White Sox closer David Robertson accused Angels manager Mike Scioscia of intentionally blocking the plate during an argument with umpires so Robertson couldn’t stay warm, a charge Scioscia denied.
Robertson came on in the ninth with the White Sox up a run. The first batter, Erick Aybar, struck out on a dropped third strike. Catcher Tyler Flowers tried to tag Aybar, who was ruled out, but Aybar ran to first anyway. The umpires went to the review, which confirmed the original ruling, and Scioscia came out to protest to home plate ump Fieldin Culbreth. The entire process took more than six minutes, and when play resumed, Robertson eventually blew the save. (The White Sox would win in 13.)
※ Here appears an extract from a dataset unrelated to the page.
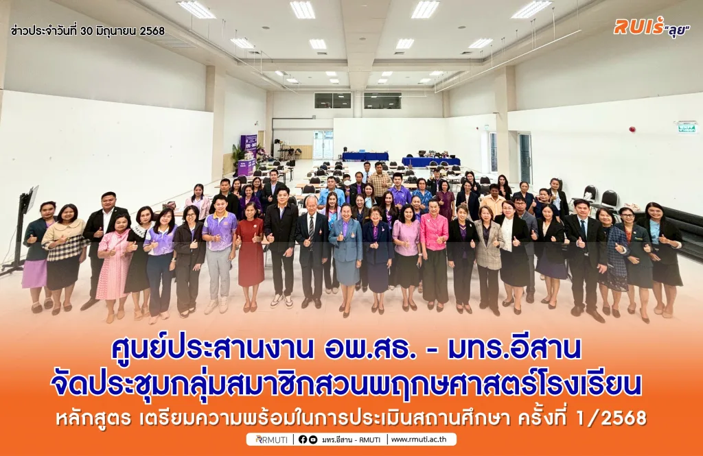 วันที่ 29 – 30 มิถุนายน 2568 ศูนย์ประสานงาน อพ.สธ. – มหาวิทยาลัยเทคโนโลยีราชมงคลอีสาน จัดประชุมกลุ่มสมาชิกสวนพฤกษศาสตร์โรงเรียน หลักสูตร เตรียมความพร้อมในการประเมินสถานศึกษา ครั้งที่ 1/2568 เพื่อให้ความรู้ ความเข้าใจ แนวทางการดำเนินงานตามนโยบาย ทิศทาง เป้าหมายของโครงการอนุรักษ์พันธุกรรมพืชฯ รวมถึงสร้างความเป็นมาตรฐานเดียวกันในการประเมินสถานศึกษา โดยมีนายอุดม ล้อมวงศ์พาณิช ที่ปรึกษา อพ.สธ. – มหาวิทยาลัยเทคโนโลยีราชมงคลอีสาน เป็นประธานเปิดการประชุมฯ ผู้ช่วยศาสตราจารย์ ดร.กุณฑิกา บุญสุภาวงศ์ หัวหน้าศูนย์ประสานงาน อพ.สธ. – มหาวิทยาลัยเทคโนโลยีราชมงคลอีสาน กล่าวรายงาน ณ ห้องประชุม 2 (37-401) ชั้น 4 อาคารสถาปัตยกรรมศาสตร์และศิลปกรรมสร้างสรรค์ (อาคาร 37) มหาวิทยาลัยเทคโนโลยีราชมงคลอีสาน ตำบลในเมือง อำเภอเมืองนครราชสีมา จังหวัดนครราชสีมา มีผู้เข้าร่วมฝึกอบรมประกอบด้วยผู้บริหาร ครู และบุคลากร เจ้าหน้าที่ จากสถานศึกษา จำนวน 17 แห่ง รวมผู้เข้าร่วมฝึกอบรม จำนวน 49 คน
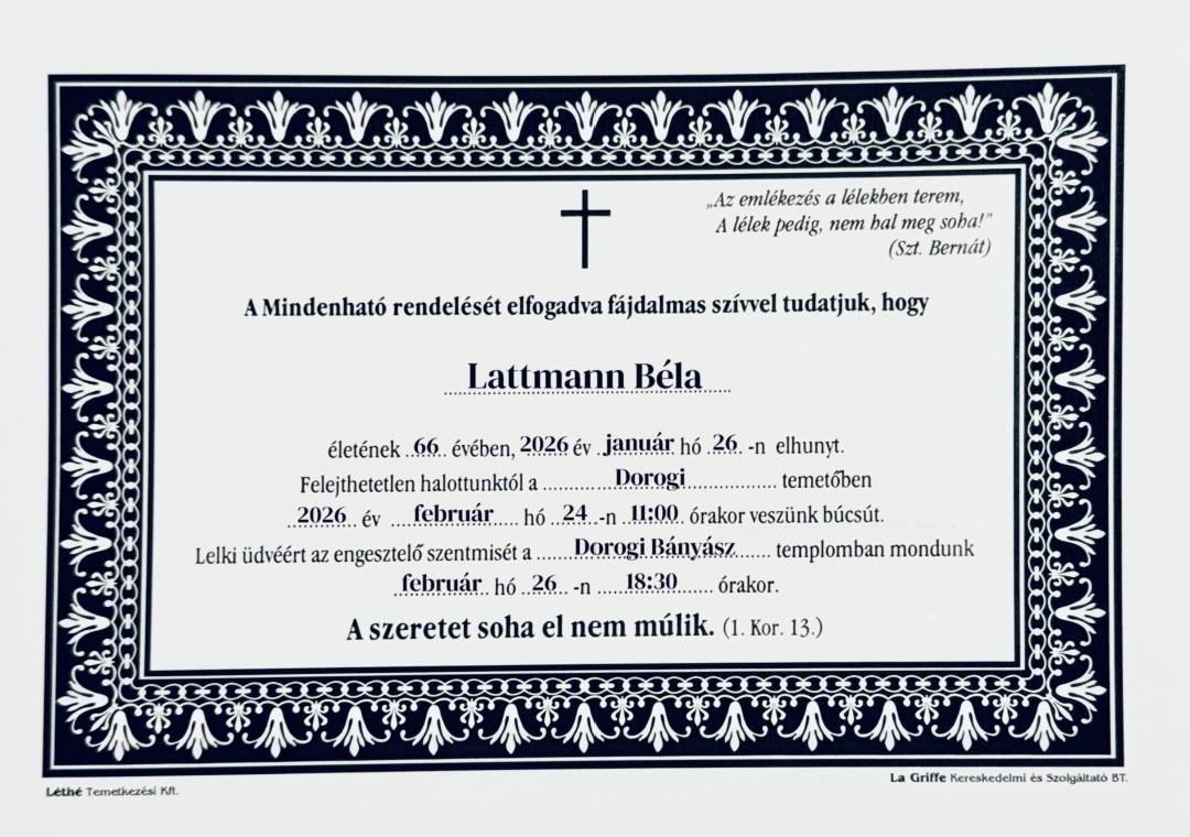 Családja most közzétette a temetés időpontját. Tájékoztatásuk szerint Lattmann Bélát 2026. február 24-én, kedden 11 órakor helyezik örök nyugalomra a dorogi temetőben. Lelki üdvéért az engesztelő szentmisét 2026. február 26-án, csütörtökön 18 óra 30 perckor mutatják be a Dorogi Bányász templomban.

So, two things here. I’m not sure this play even should have been reviewable: even if Flowers didn’t tag Aybar (and the replay shows he may not have), Culbreth signaled an out. If he hadn’t, Flowers would have thrown to first to get Aybar—the call on the field dictated the play, and that can’t be undone. Second, MLB’s replay rules clearly state that managers can’t argue plays that have been reviewed. Even if Culbreth was merely giving Scioscia an explanation, it should have been short and sweet and shouldn’t have taken place between the mound and the plate.
“I felt that Scioscia was very bush league,” Robertson said, “coming out there and standing in front of home plate after the play had already been reviewed. I felt like once it has been reviewed, it has been reviewed on film and he’s called out, there’s no reason for you to come back out and argue the call.
“I guess that’s just the way he is. It kind of changed the whole momentum in the ninth.”
Scioscia denied Robertson’s charge, saying “Absolutely that was not my intent.”
The inning provided something of a flashback to Game 2 of the 2005 ALCS, when A.J. Pierzynski made it to first on a dropped third strike, eventually giving the White Sox the win over Anaheim, and Chicago did not lose again that postseason.